__Instructions to follow__. Write out the data word for word, taking care that no picture is carried over.

__Exercise data__.
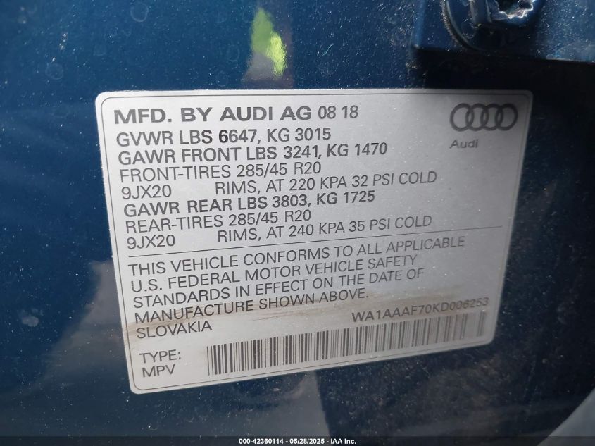 2019 AUDI Q7 | WA1AAAF70KD006253
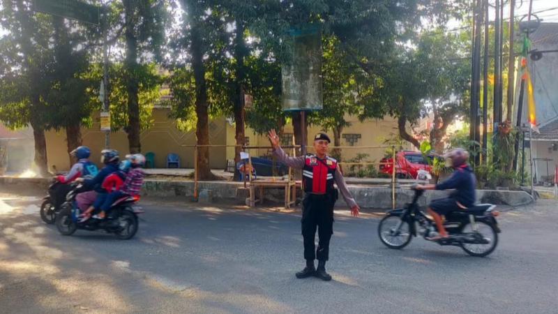 Untuk memberikan rasa aman bagi pengguna jalan, setiap hari sebelum apel pagi dan sore hari, personil Polsek Mlati Sleman melakukan pengaturan arus lalu lintas dengan menyeberangkan warga yang hendak berangkat ke sekolah maupun berangkat kerja.
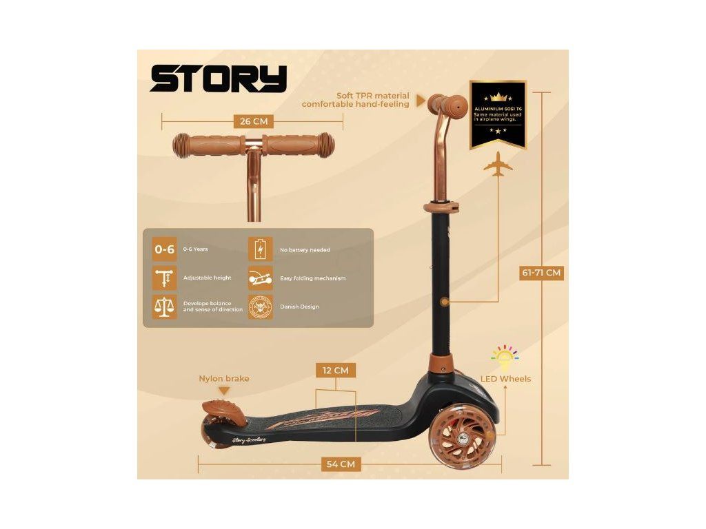 - LED svetlá v kolieskach: Story MINI je vybavená unikátnymi LED svetlami integrovanými do koliesok. Tieto svetelné efekty fungujú bez nutnosti batérií a vytvárajú sviatočnú atmosféru pri každej jazde, najmä za súmraku alebo večer.

__Exercise solution__.
 2019 AUDI Q7 | WA1AAAF70KD006253
 Untuk memberikan rasa aman bagi pengguna jalan, setiap hari sebelum apel pagi dan sore hari, personil Polsek Mlati Sleman melakukan pengaturan arus lalu lintas dengan menyeberangkan warga yang hendak berangkat ke sekolah maupun berangkat kerja.
 - LED svetlá v kolieskach: Story MINI je vybavená unikátnymi LED svetlami integrovanými do koliesok. Tieto svetelné efekty fungujú bez nutnosti batérií a vytvárajú sviatočnú atmosféru pri každej jazde, najmä za súmraku alebo večer.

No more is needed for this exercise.